Starring: Rachel McAdams, Harrison Ford, Patrick Wilson, Jeff Goldblum, Diane Keaton
Distributor: Paramount Pictures
Runtime: 107 mins. Reviewed in Nov 2011
For integrity’s sake, I should declare a special lack of interest in the topic! My radio is fixed on Radio National (and BBC Radio 4 in the UK) and, definitely, definitely, not fixed on popular breakfast programs. Morning Glory is about one of those TV shows that people glance at as they are getting dressed, cooking and eating breakfast and getting ready to go to work, shows which rely on pop and popular stories, celebrities and weather personalities and so on. This film tries to have its frittata (cooked by Harrison Ford) and eat it as well. It offers criticism of the breakfast show genre but then more than endorses it.(So, perhaps, Radio National listeners and ABC 24 Hour News viewers need to lighten up – only, perhaps, perhaps!)

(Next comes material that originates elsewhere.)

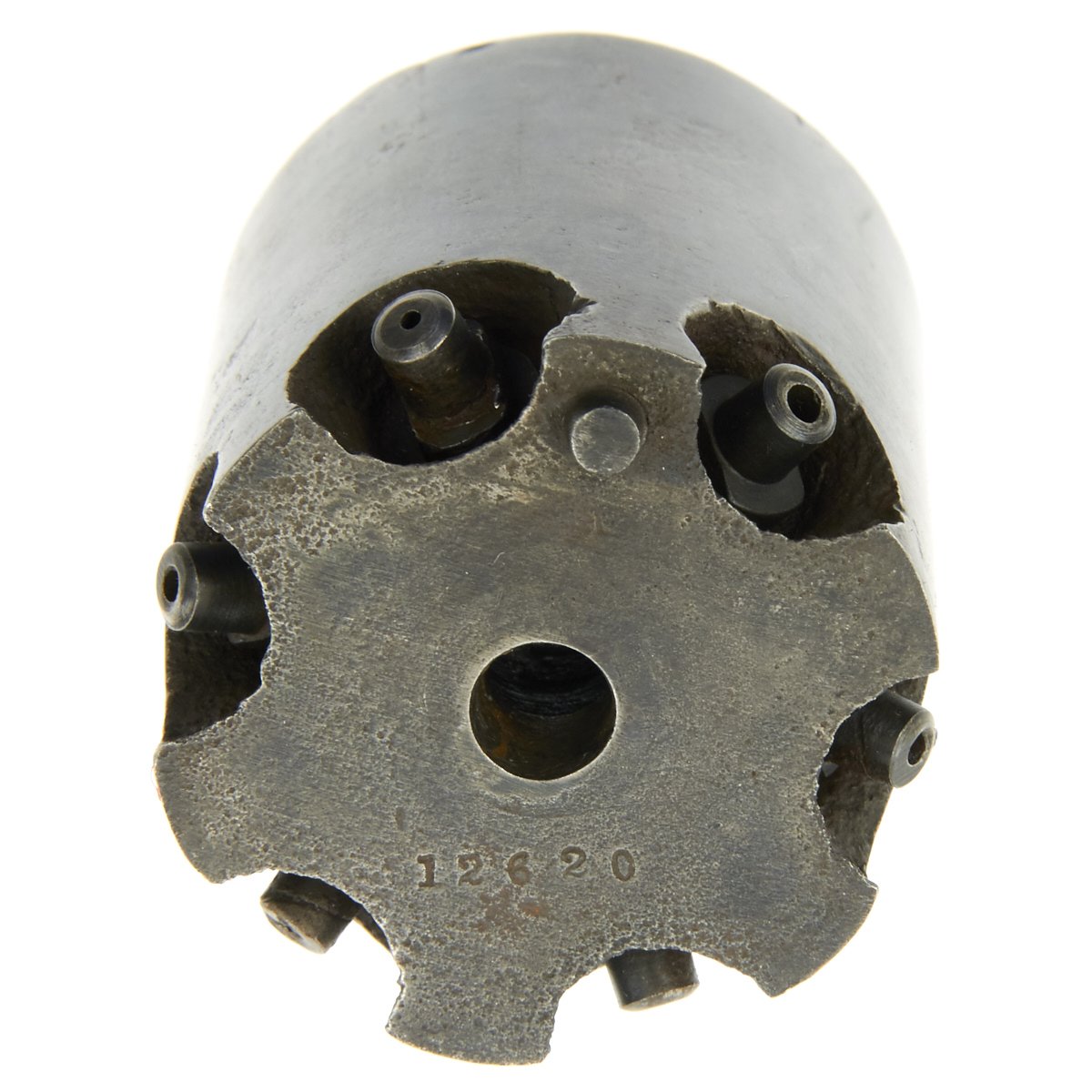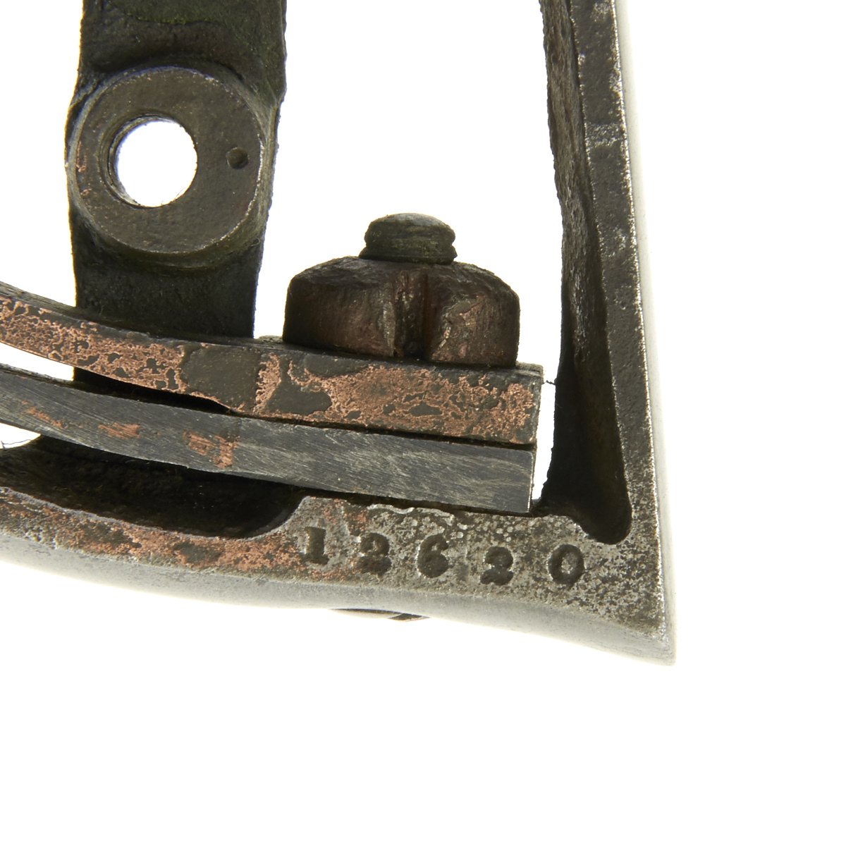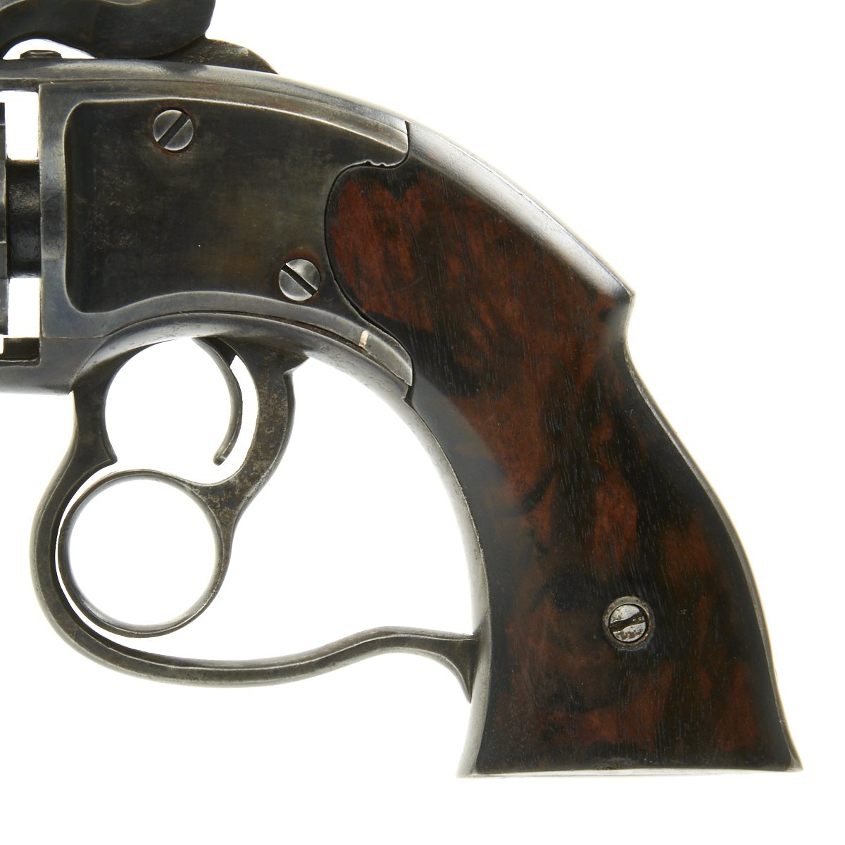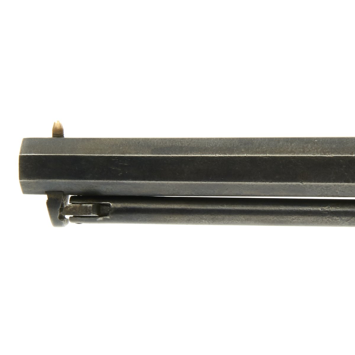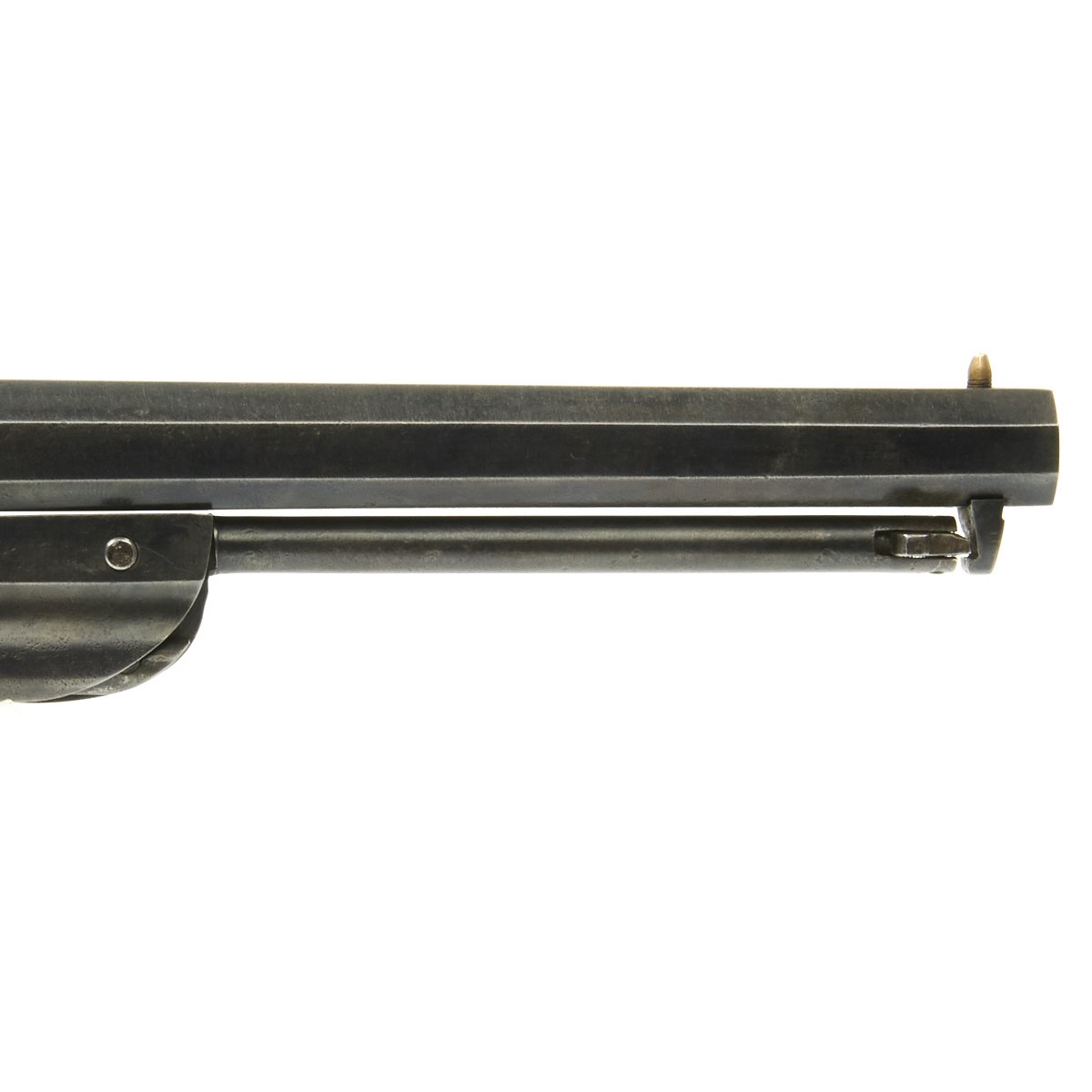 This is a very nice example, manufactured in early 1862, around the middle of total production. It bears serial number 12620, which is faintly stamped on the underside of barrel and clearly on the back of the cylinder. Serial number 12620 is also present on the inside frame beneath the original wood grips.
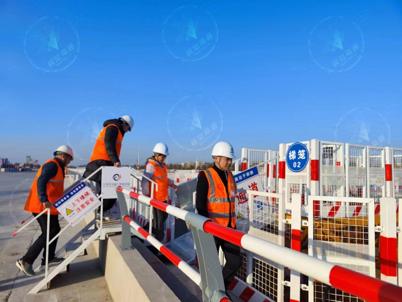蔡福全(右1)带领监理人员在工作井深基坑安全质量巡视

The writer of The Devil Wears Prada (Aline Brosh McKenna, who also wrote 27 Dresses) offers the same humorous and sardonic tone to the business world and communication world of television. The director of Notting Hill (Roger Michel who also did the serious Changing Lanes) brings the same (rather British) tone of humorous observation of human nature.
It is Rachel McAdams’ film. Since she was one of the Mean Girls (actually, the leader) in 2004, she has had a series of good roles (The Notebook, Red Eye, State of Play, Time Traveller’s Wife and Irene Adler in Sherlock Holmes) and is able to carry this film as a workaholic, overly ambitious morning television producer.
But, the pleasant surprise of the film is how Harrison Ford can do curmudgeonly and yet make it funny, sometimes appalling, with expert timing. He is the Pulitzer-prize winning journalist who is, according to Patrick Wilson (the love interest here) who was his producer for many years, the third worst person in the world. Ford does sardonic, arrogant, detached, petty, obnoxious (and that is all in front of the TV camera as he co-hosts the morning show). Also along for the ride is Diane Keaton as the on-screen ditzy-merry host who can chortle at even the most absurd of stories or humiliating stunts for the weatherman (Matt Malloy). Offscreen, she is in the Harrison Ford vein.
Jeff Goldblum has the more serious role of company boss – where ratings mean everything.
Actually, a lot of the action is quite trite, as are the stories aired for undiscriminating viewers, who tend to perk up when the co-hosts begin sparring. But, as light entertainment which doesn’t bear too much thinking about, it is a comedy of errors, comedy of upsets, with dialogue which is sometimes spiky, sometimes sparkling.